(Record set Opens)

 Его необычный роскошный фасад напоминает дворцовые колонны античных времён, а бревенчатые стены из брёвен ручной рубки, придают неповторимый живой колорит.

(Record set Closes)
(Record set Opens)

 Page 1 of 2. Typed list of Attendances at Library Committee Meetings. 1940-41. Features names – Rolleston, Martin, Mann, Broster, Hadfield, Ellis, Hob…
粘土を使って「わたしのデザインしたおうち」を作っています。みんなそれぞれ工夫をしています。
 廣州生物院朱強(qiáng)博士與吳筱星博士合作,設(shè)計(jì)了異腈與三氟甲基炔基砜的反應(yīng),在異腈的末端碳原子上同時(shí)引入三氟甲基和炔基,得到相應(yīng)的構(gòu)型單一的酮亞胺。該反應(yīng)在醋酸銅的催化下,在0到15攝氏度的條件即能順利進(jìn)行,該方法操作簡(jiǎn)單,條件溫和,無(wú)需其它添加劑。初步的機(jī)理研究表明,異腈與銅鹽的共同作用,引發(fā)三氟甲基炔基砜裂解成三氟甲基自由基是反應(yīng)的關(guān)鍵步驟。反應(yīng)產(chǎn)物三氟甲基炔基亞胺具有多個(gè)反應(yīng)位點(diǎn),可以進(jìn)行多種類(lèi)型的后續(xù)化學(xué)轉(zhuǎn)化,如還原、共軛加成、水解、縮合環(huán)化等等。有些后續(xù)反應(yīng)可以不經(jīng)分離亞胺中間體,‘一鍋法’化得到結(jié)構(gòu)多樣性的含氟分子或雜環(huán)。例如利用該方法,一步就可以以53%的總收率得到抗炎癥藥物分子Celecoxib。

(Record set Closes)

Instructions to follow: After locating the line with "Page 1 of 2." above, return that line and every later line through the one with "粘土を使って「わたしのデザイ", word for word and with nothing else.

Expected answer:
 Page 1 of 2. Typed list of Attendances at Library Committee Meetings. 1940-41. Features names – Rolleston, Martin, Mann, Broster, Hadfield, Ellis, Hob…
粘土を使って「わたしのデザインしたおうち」を作っています。みんなそれぞれ工夫をしています。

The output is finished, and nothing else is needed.